Die Sportferien stehen an. Bald ist auf den Skipisten einiges los. Vernünftige Skifahrer gehen nur mit einer Skibrille auf die Piste. Denn auch bei bewölktem Himmel sendet die Sonne die schädlichen, aber nicht sichtbaren UV-Strahlen zur Erde. Mit einer guten Skibrille ist man dagegen am besten gewappnet.
Doch nicht alle Skibrillen kommen gegen das UV-Licht an, wie ein Test zeigt. saldo hat 15 Skibrillen für Erwachsene und 5 Modelle für Kinder vom Schweizerischen Optikerverband auf ihren UV-Schutz hin prüfen lassen.
3 Modelle für Erwachsene und 2 für Kinder sind nur bedingt empfehlenswert (siehe Tabelle). Sie erfüllen zwar die gesetzlichen Normen, lassen aber ein kleines Spektrum an schädlichen Strahlen zum Auge durchdringen.
Fast alle Hersteller halten sich an den Suva-Standard
Diese Strahlen liegen im Bereich von 380 bis 400 Nanometer Wellenlänge. Schon vor einigen Jahren hat die Augenklinik der Universität Zürich darauf aufmerksam gemacht, dass auch diese Strahlen schädlich sind, da es sich um UV-Licht handelt. Zusammen mit der Suva wurde der Standard «UV 400» kreiert, an den sich – wie der Test zeigt – die meisten Hersteller halten.
Charlotte Remé von der Augenklinik der Universität Zürich erklärt, was mit den Augen geschehen kann, wenn die Skibrille Licht aus diesem Bereich nicht vollständig filtert. Die Strahlen können «die Hornhaut des Auges akut schädigen – sprich Schneeblindheit – und chronisch die Entstehung von grauem Star fördern». Diesem Risiko setzt sich aus, wer sich mit den bemängelten Skibrillen immer wieder über längere Zeit im Schnee aufhält.
Vor allem für Kinder kann eine ungenügende Skibrille verheerende Folgen haben.

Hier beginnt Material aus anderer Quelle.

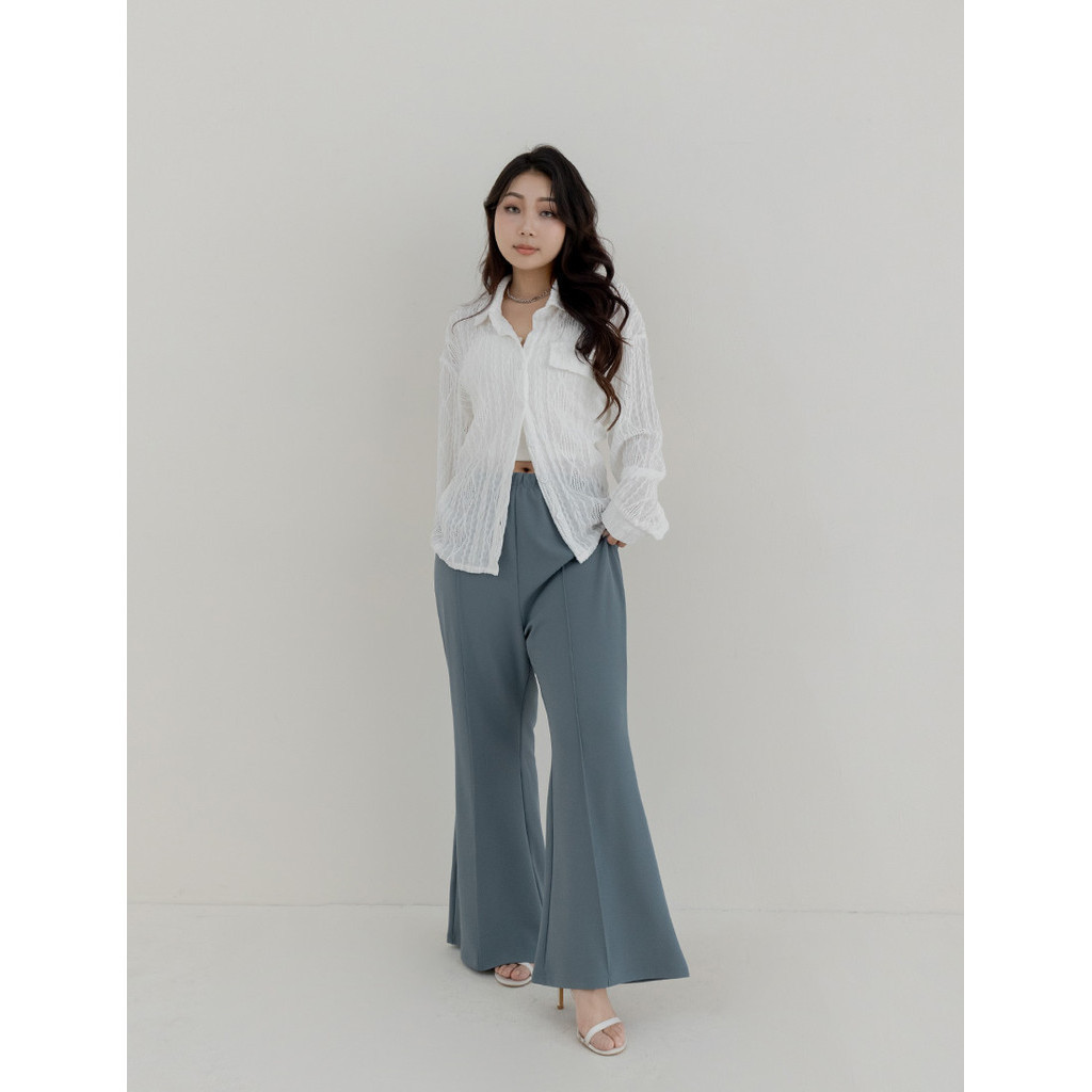 【PolyLulu】 MUA!微辣中線修飾鬆緊喇叭長褲 中大尺碼褲子 藍色L|XL|2XL|3XLPantsPOLY LULU丨BEAUTY HAS NO SIZE 中大尺碼女裝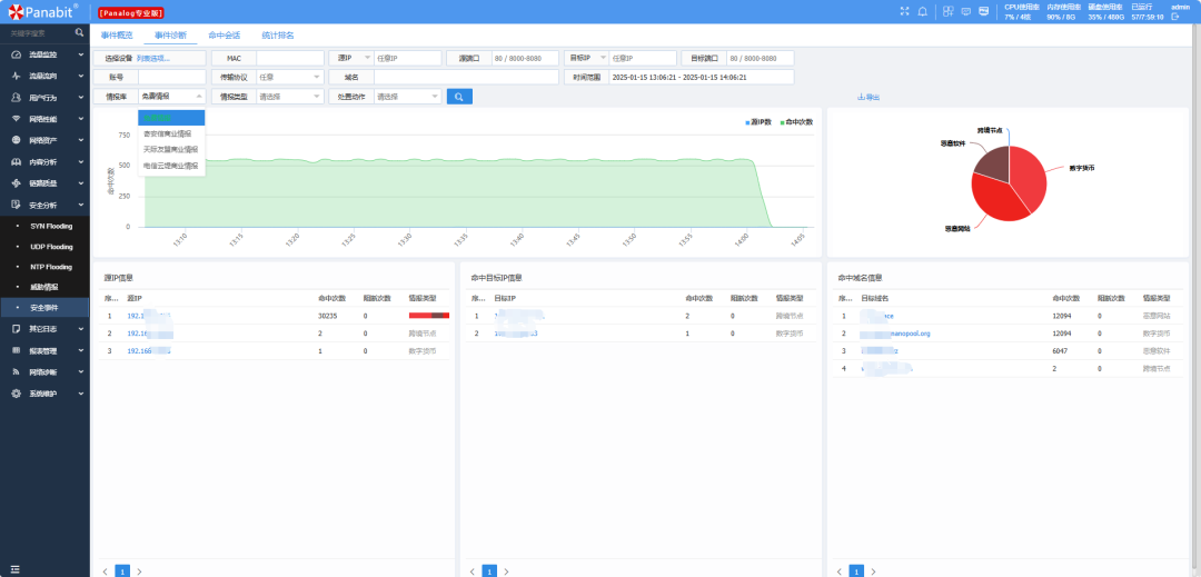 选择情报库进行查询 这个功能可以和Panabit联动,当Panabit上有威胁情报命中时,相关的匹配数据会被推送到Panalog进行存储,方便用户追溯与分析情报匹配的历史记录,让安全管理更加精准和高效。

Bis zur Pubertät ist das Auge noch empfindlicher für UV-Strahlen. Eltern sollten sich also beim Skibrillenkauf für ihre Kleinen – aber auch für sich selbst – Zeit nehmen.
Die Farbe Gelb schützt nur an nebligen Tagen
Das ist offenbar selten der Fall: André Wolfensberger von der Firma John Doe , welche die Spy-Skibrillen in der Schweiz vertreibt, ist oft auf der Skipiste. Dort sieht er immer wieder Wintersportler mit Gläsern, die nicht den Lichtverhältnissen entsprechen. «Gelbe Gläser bei blauem Himmel und starker Sonneneinstrahlung sind keine Seltenheit. Wenn ich das bei Kindern sehe, tun sie mir leid.» Gelbe Gläser sind nämlich nur an nebligen Tagen geeignet (siehe unten).
Auf die Resultate des Tests reagieren die Hersteller unterschiedlich. Die Firma Marcolin, zuständig für die Marke Rod in der Schweiz, hat zum Test keine Stellung genommen.
Bei Alpina und Uvex verweist man auf die – nicht sehr strengen – Gesetze und Normen, die eingehalten würden: Bis 380 Nanometer filtern die Brillen jegliche Strahlung aus. Alpina schreibt aber im Prospekt, der bei jeder Brille mitgeliefert wird: «100 % UV-A-, -B-, -C-Schutz bis 400 Nanometer.» Alpina meint dazu, die entsprechende Norm erlaube eine kleine Toleranz, die bei den betreffenden Brillen nicht überschritten werde. Im saldo-Test gab es aber bei den drei untersuchten Alpina-Skibrillen nur beim teuersten Modell nichts zu bemängeln.